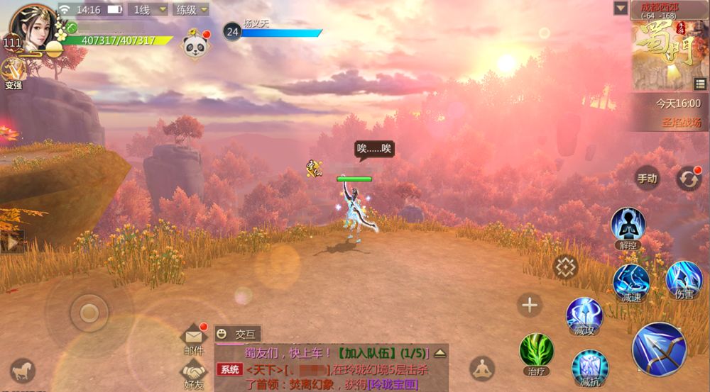 炽火莲会召唤坐骑将我们送至成都西郊的半山位置,成就也随之完成。
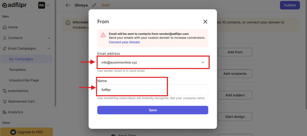 3.1 From– Add the sender name and email address you’ll use to send campaigns to your contacts. Fill the Email address correctly to avoid any mistake.
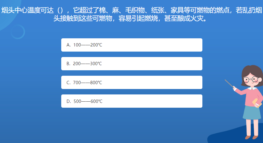 科普星空体育官网入口网站問答:煙頭中心溫度可達(),它超過了棉、麻、毛織物、紙張、家具等可燃物的燃點,若亂扔煙頭接觸到這些可燃物,容易引起燃燒,甚至釀成火災。

Your task :: The material above is to be transcribed exactly, with its images omitted.

Exercise response ::
 炽火莲会召唤坐骑将我们送至成都西郊的半山位置,成就也随之完成。
 3.1 From– Add the sender name and email address you’ll use to send campaigns to your contacts. Fill the Email address correctly to avoid any mistake.
 科普星空体育官网入口网站問答:煙頭中心溫度可達(),它超過了棉、麻、毛織物、紙張、家具等可燃物的燃點,若亂扔煙頭接觸到這些可燃物,容易引起燃燒,甚至釀成火災。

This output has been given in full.